3G Connectivity

3G connectivity of mobile telecommunications technology popularly known as 3G is an International Telecommunication Union (ITU) specification that promised an increase in bandwidth of up-to 384kbps.

W-CDMA is the most common deployment, commonly operated on the 2,100 MHz band. A few others use the 850, 900 and 1,900 MHz bands.
HSPA is an amalgamation of several upgrades to the original W-CDMA standard and offers speeds of 14.4 Mbit/s down and 5.76 MBit/s up. HSPA is backward-compatible with and uses the same frequencies as W-CDMA.

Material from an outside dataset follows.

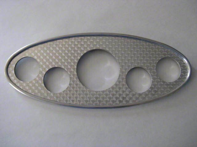 Our 1932 Ford Style Dash Panel is machined from 3/8" aluminum plate with a 1/4" rounded edge. The panel is recessed for our beautiful engine-turned insert, giving it a classic look. It features holes for a 3 3/8" speedometer and four 2 1/8" diameter instruments. Overall size is 5 1/8" tall and 15" wide. Gauges are not included. This will not interchange with an original 1932 Ford, due to our design being larger.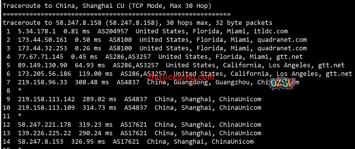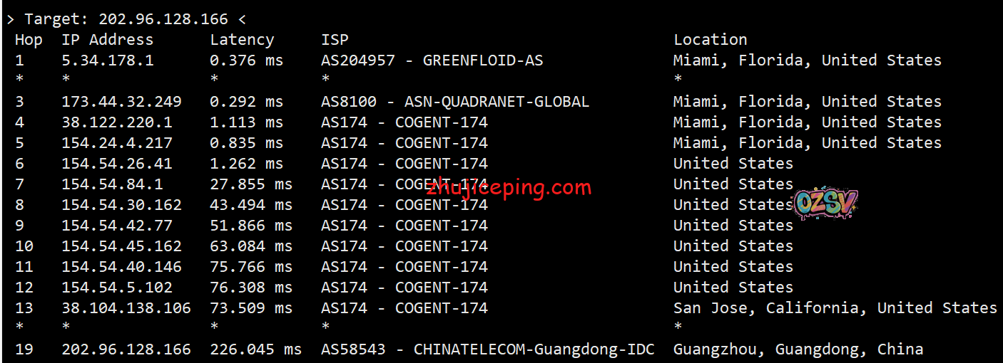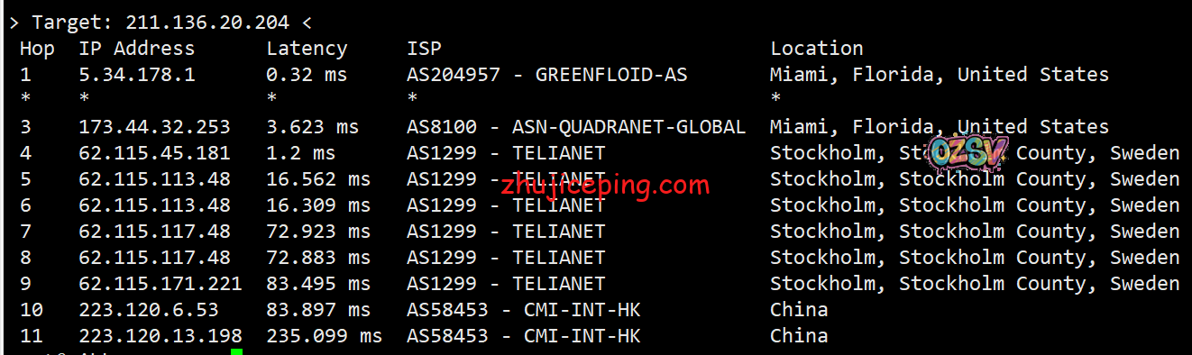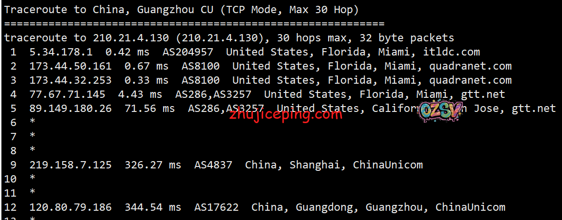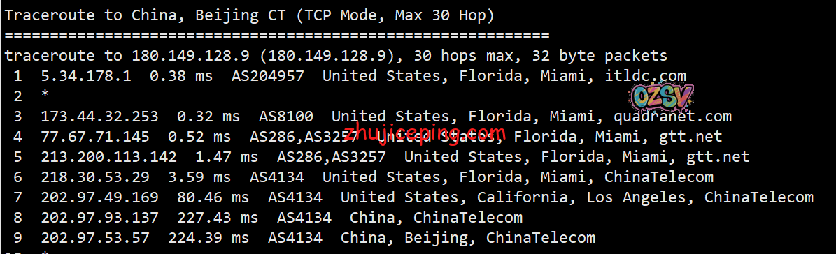 总结下:我们从数据里面可以看到服务器托管在quadranet的迈阿密机房,从回程来看只有移动严格意义上来说是从美国直连的,其余的不是telia就是cogentco再或者GTT。当然,实际网络能跑到什么样子,也还是需要大家自己测试才清楚,这里只是一个简单的参考。

HSPA+, a further revision and upgrade of HSPA, can provide theoretical peak data rates up to 168 Mbit/s in the downlink and 22 Mbit/s in the uplink, using a combination of air interface improvements as well as multi-carrier HSPA and MIMO.

Technically though, MIMO and DC-HSPA can be used without the “+” enhancements of HSPA+ The CDMA2000 system, or IS-2000, including CDMA2000 1x and CDMA2000 High Rate Packet Data (or EVDO), standardized by 3GPP2 (Different from the 3GPP), evolving from the original IS-95 CDMA system, is used especially in North America, China, India, Pakistan, Japan, South Korea, Southeast Asia, Europe and Africa.

CDMA2000 1x Rev. E has an increased voice capacity (in excess of three times) compared to Rev. 0 EVDO Rev. B offers downstream peak rates of 14.7 Mbit/s while Rev. C enhanced existing and new terminal user experience.

While DECT cordless phones and Mobile WiMAX standards formally also fulfill the IMT-2000 requirements, they are not usually considered due to their rarity and unsuitability for usage with mobile phones.

Begining of 3G the Network

The first 3G(UMTS) to launch in Africa was by Emtel in 2004. The firs pre-commercial of 3G (W-CDMA) was launched by NTT DoCoMo in Japan in 1998 branded as FOMA (Freedom Of Mobile Access) and first first to commercialise in 2001.